[Date Prev][Date Next][Thread Prev][Thread Next]
[Date Index]
[Thread Index]
- Subject: Re: Reading CSV
- From: Sean Conner <sean@...>
- Date: Tue, 3 Dec 2013 14:10:41 -0500
It was thus said that the Great Geoff Leyland once stated:
> Hi,
>
> What’s the current best option for a CSV (or tab separated, for that
> matter) file?
>
> I’ve had a look at http://lua-users.org/wiki/CsvUtils and
> http://lua-users.org/wiki/LuaCsv, searched LuaRocks (nothing came up, but
> perhaps I’m using the wrong search term) and looked at Penlight’s
> data.read. As far as I can tell, most solutions either:
> - read the whole file in one go (constructing a table of all the values
> becomes impractical as files get larger)
> - read lines with “*l” and so are opinionated about what constitutes a
> newline
> - don’t handle embedded newlines in quoted fields
>
> There’s also an LPeg example, but as I understand it, LPeg works on whole
> strings, not file streams?
Yes, but you can read a line at a time and use LPeg to break the line
down. You mentioned that there are issues with what constitutes a newline,
but there are ways around that. One method I use is:
-- Oh, let's just use the MIT license here.
--
-- MIT LICENSE HERE
local lpeg = require "lpeg"
-- End of Line Marker. This matches an optional CR with a mandatory LF.
-- If your system uses different end of line markers, change this.
local eoln = lpeg.P"\r"^-1 * lpeg.P"\n"
-- Parse data. This will return a "line" (per definition of eoln) and
-- additional data.
local lineparse = lpeg.C((lpeg.P(1) - eoln)^0) * eoln * lpeg.C(lpeg.P(1)^0)
do
-- start with an empty buffer.
local data = ""
function read_line(file)
-- -----------------------------------------------------------------
-- data being nil means we've hit the end of file, so we return nil.

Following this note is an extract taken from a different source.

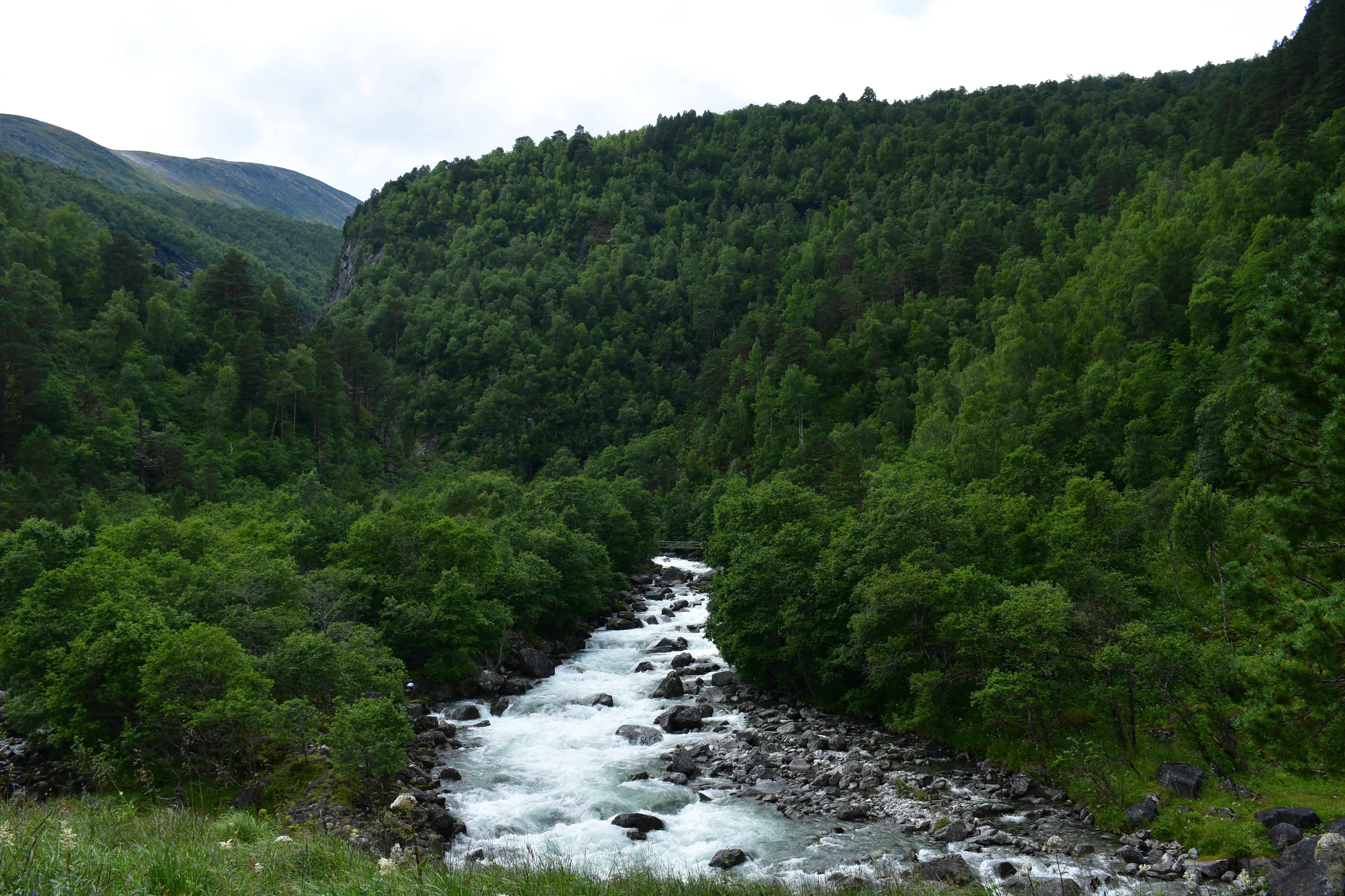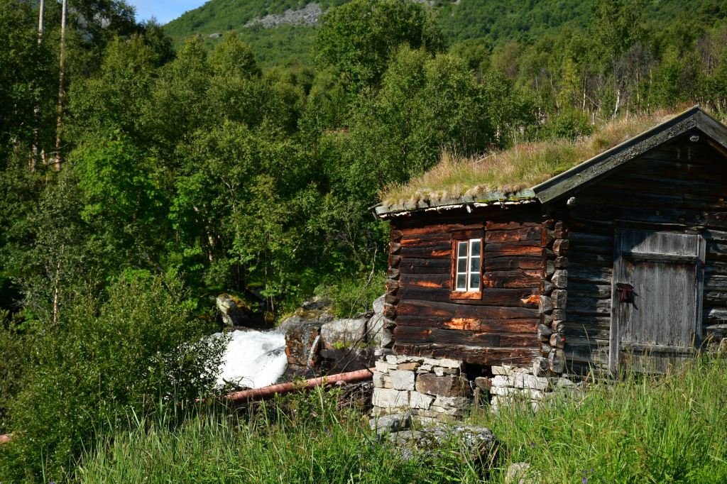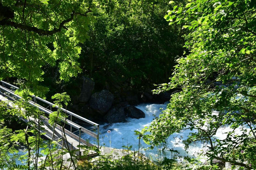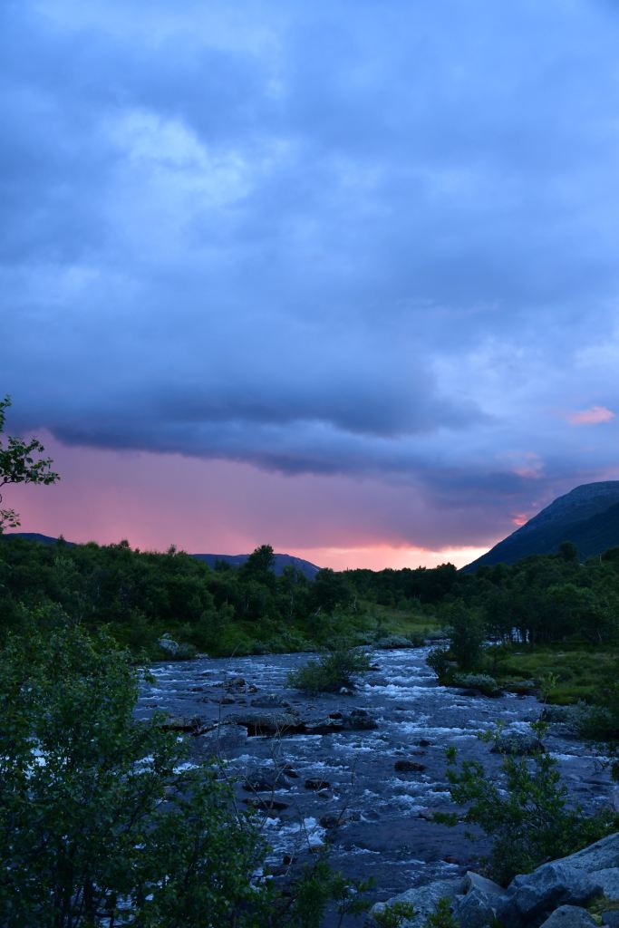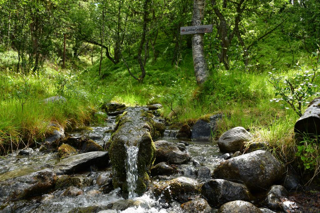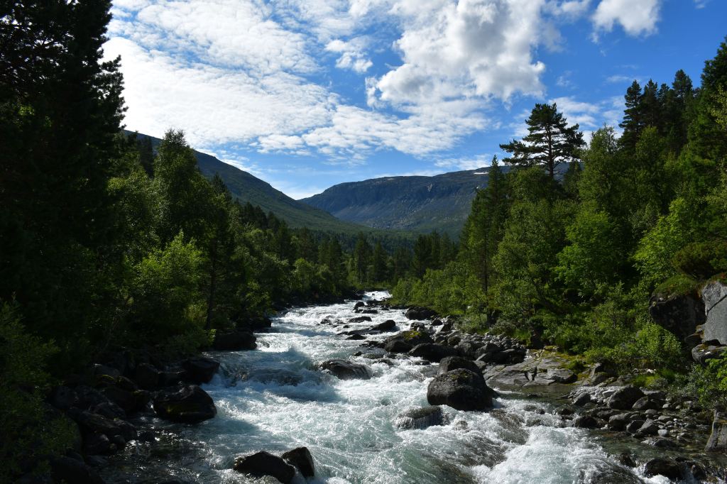 Ankommen tue ich schließlich oberhalb der letzten Bauernhöfe am Beginn des hoch gelegenen Tales. Drei Meter neben mir erklingt das dauerhafte Rauschen des vom höher gelegenen Storvatnet gespeisten Bergflusses, Natur kann offensichtlich auch laut sein. Etwas weiter unterhalb entdecke ich eine etwas tiefere von der Strömung abgeschnittene Mulde in der es sich herausragend baden lässt. Kalt. Aber geil.

-- -----------------------------------------------------------------
if data == nil then
return nil
end
-- ------------------------------------------------------------------
-- attempt to read a line (per the eoln definition) and any remaining
-- data.
-- ------------------------------------------------------------------
local line,rest = lineparse:match(data)
-- ---------------------------------------------------------------------
-- if line is nil, there wasn't a line's worth of data. so we need some
-- more, in this case, 1024 byte worth (adjust to taste). If we receive
-- nil from our stream, we've hit end of file, so we'll just return what
-- we have buffered, and mark that we've hit end of stream.

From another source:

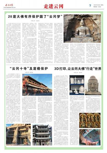 有了窟檐保护的五华洞,显现出北魏皇家寺院恢弘大气的风范。整个窟檐建筑从立柱到屋顶,从斗拱到门窗,从外观到色调,继承了北魏时期特有的凝重和古朴,成为云冈石窟一道全新的视觉景观,开创了国内石窟寺维修保护的先河。
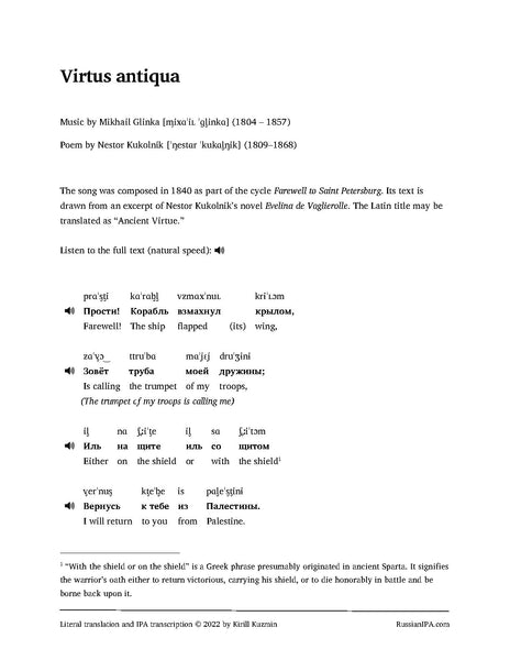 Virtus antiqua (Рыцарский романс) by Glinka (13 pages)

-- ---------------------------------------------------------------------
if line == nil then
local more = file:read(1024)
if more == nil then
local d = data
data = nil
return d
end
-- ------------------------------------------------------------------
-- we've read the data. Append it to our buffer, then call ourselves
-- again (tall call).
-- ------------------------------------------------------------------
data = data .. more
return read_line(file)
end
-- ---------------------------------------------------------------------
-- The rest of the data goes into the buffer; we then return the line we
-- just read.
-- ---------------------------------------------------------------------
data = rest
return line
end
end
Now, with that out of the way, you can read the file line-by-line and have
LPeg parse the line for you.
-spc